Editor’s Intro: One of the problems with Big Data is that it’s, well, big. While many modeling projects with diverse data sets have always taken a lot of time and effort to wrangle the data into shape before the modeling can actually start, the problem has been compounded by the immensely large data sets now available. Michael Kelly of Naxion discusses an elegant solution to the problem, focussing on “rightsizing” big data to fit the problem at hand.
The Challenge of Tying Down Big Data
Although the promise of Big Data is exhilarating, the practical burdens − logistical and analytical − are equally daunting. The problem is that Big Data can be, well, big – very big. Customer transaction databases often contain tens of millions of records. Moreover, Big Data often accumulates rapidly in real time, and is populated with diverse types of information, such as timestamps, spatial coordinates, and text from social listening. Even when powered by the formidable processing heft of today’s corporate-owned or cloud-based IT infrastructure, Big Data computing requires an enormous amount of time. It can take many hours, potentially even days, to run a single model. And since modeling is typically an iterative process, the overall endeavor can be prohibitively time-consuming. In struggling to tie down Big Data, we can feel like Lilliputians next to Gulliver.
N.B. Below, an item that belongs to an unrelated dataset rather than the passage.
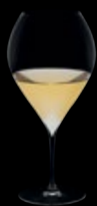
Calice vino 02

Various strategies have been employed to address the “time sink” of Big Data, but algorithms known to be effective for small data sets (e.g., Markov chain Monte Carlo) don’t scale well. One line of attack has been to optimize analytic operations for Big Data contexts (e.g., design algorithms that process or compress data more efficiently); another boosts the computational power of IT infrastructure through parallel computing (e.g., Hadoop). But such approaches involve substantial investment in both IT infrastructure and the talent needed to architect and manage it.
An Elegant Solution to the Heavy Lifting Problem …
While Big Data bottlenecks seem to be an occupational hazard, they are not necessarily intractable if we revisit a basic assumption − that every bit of it must be analyzed to wring full value. Just as we can efficiently and accurately measure the characteristics of a survey population with systematic sampling techniques, so too can we apply principles of statistical sampling to Big Data. To illustrate, we analyzed a publicly available dataset of 163 million taxi rides in New York City. The dataset contains a variety of information:
Temporal (passenger pickup/drop-off times)
Spatial (latitude/longitude of pickup/drop-off coordinates)
Numerics on different scales (trip distance, fare amount)
The chart plots number of rides by drop-off hour for the full population and a random sample of 6,000 rides. It’s clear that the small random sample mirrors the pattern in the full universe. The same story holds with other metrics like trip distance.
… with the Heft to Build Sturdy Models
Modeling with Big Data can be particularly time-consuming, much more so than calculating summary information as in our first example. A sampling approach to Big Data could be especially helpful in modeling situations. To demonstrate, we developed a population model and a sample-based alternative that predicted taxi fare amount from various characteristics of the ride such as pickup location. Predictions from the two models are essentially identical but were much faster to produce with a sample-based approach.
Sampling revolutionized – in some sense, created – the field of market research. We are ripe now for a similar transformation in our approach to Big Data.
Be Careful How You Sift and Weigh the Data
Although Big Data sampling will deliver significant cost and timing advantages over a Big Data census, practitioners need to consider their sampling procedures carefully to avoid drawing the wrong conclusions. Theory and proven best practices from the science of survey sampling can help.
More specifically, as on a primary market research study where we estimate desired sample size, we should sample enough data from a Big Data source to ensure reasonable margins of error for the estimates we care most about. What is a good rule-of-thumb, then? As Google’s Chief Economist Hal Varian says, “Random samples on the order of 0.1% work fine for analysis of business data.” In the taxi analysis noted above, our sample was 0.004%, illustrating that we could obtain good alignment with the full census even with quite a small sample size. One could easily increase this 10-fold or more without adding cost/time to the analysis suggesting that 0.1% is a reasonable rule of thumb.
Of course, depending on the nature of the business questions to be answered and the type of information available in the Big Data universe, a particular stratification may be required (e.g., by customer demographics such as census region, or spending history) along with random sampling of records within each stratification cell. Weighting adjustments may be needed if certain types of records are over or under sampled compared with their incidence in the Big Data universe. These activities are essential to ensure the accuracy – as well as efficiency − of sample-based approaches to Big Data.
The Ultimate Big Data Pay-off: Agility and Accessibility
Computing efficiency solutions need to be less about bandwidth than about agility. Once we cut Big Data down to size, it becomes easier to make effective use of it, directing efforts where they are most needed: toward the extraction of insight from lighter loads rather than processing heavy loads faster. It will democratize the use of Big Data by making it more broadly accessible, putting it in the hands of people who know their markets well enough to apply the fruits of “smart-sized” Big Data analysis and modeling to real business problems.